Created a chunk of size 577, which is longer than the specified 500
Created a chunk of size 507, which is longer than the specified 500
Created a chunk of size 568, which is longer than the specified 500
Created a chunk of size 548, which is longer than the specified 500
Created a chunk of size 570, which is longer than the specified 500
Created a chunk of size 504, which is longer than the specified 500
Created a chunk of size 513, which is longer than the specified 500
Created a chunk of size 549, which is longer than the specified 500
Created a chunk of size 576, which is longer than the specified 500
Created a chunk of size 518, which is longer than the specified 500
Created a chunk of size 572, which is longer than the specified 500


We can see that the data has been split in 20 different documents, and this is exactly the number of products we have in our json file. Choosing a chunk_size of 500 and a separator of "}," helped here, as each product object is approximately 500 characters long, and the separator is the end of a product object.

In [3]:
print(len(lenses))
print(lenses[0])

20
page_content="[{'name': 'Orion 24mm f/1.4 Wide-Angle Lens', 'price': 749, 'shipping_time': '3-5 business days', 'warranty': '2 years', 'technical_details': '24mm focal length, f/1.4 maximum aperture, manual focus', 'info': 'The Orion 24mm f/1.4 Wide-Angle Lens is perfect for landscape and astrophotography. Its wide-angle view captures expansive scenes, and the fast f/1.4 aperture performs well in low light.'" metadata={}


In [3]:
lenses[5]

Document(page_content="{'name': 'Panasonic Lumix G Leica DG Nocticron 42.5mm f/1.2 Lens', 'price': 1597, 'shipping_time': '3-5 business days', 'warranty': '2 years', 'technical_details': '42.5mm focal length, f/1.2 maximum aperture, Power O.I.S. stabilization', 'info': 'The Panasonic Lumix G Leica DG Nocticron 42.5mm f/1.2 is a prime lens that offers a fast maximum aperture and is perfect for portraiture with its smooth out-of-focus quality when working with shallow depth of field techniques.', 'compatible_with': ['Panasonic Lumix DC-GH5 II', 'Panasonic Lumix DC-G9', 'Panasonic Lumix DC-GX9']", metadata={})

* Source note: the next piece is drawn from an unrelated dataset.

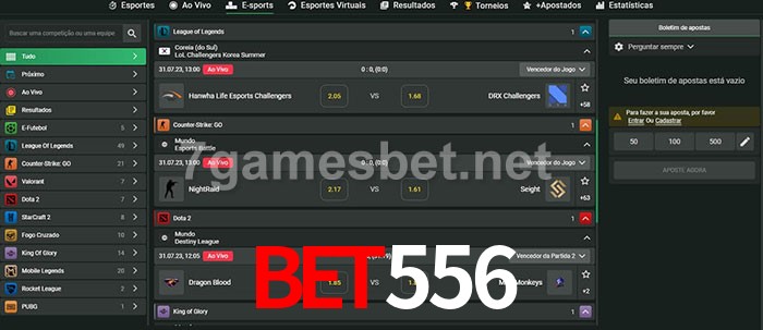 A aposta Bet556 oferece aos jogadores a experiência mais conveniente de apostas em eSports!

Now we can create a vector database, and store our documents in it.

In [4]:
from langchain.embeddings import OpenAIEmbeddings
from langchain.vectorstores import Chroma

embeddings = OpenAIEmbeddings()
lenses_data = Chroma.from_documents(lenses, embeddings=embeddings, collection_name="lenses")

Using embedded DuckDB without persistence: data will be transient
No embedding_function provided, using default embedding function: SentenceTransformerEmbeddingFunction


## Part 2: Creating the retrieval model

In [5]:
from langchain.llms import OpenAI
from langchain.chains import ConversationalRetrievalChain

In [6]:
from langchain.memory import ConversationBufferMemory
memory = ConversationBufferMemory(memory_key="chat_history", return_messages=True)

In [7]:
qa = ConversationalRetrievalChain.from_llm(OpenAI(temperature=0), lenses_data.as_retriever(), memory=memory)

In [8]:
qa("What lenses do you recommend for landscapes?")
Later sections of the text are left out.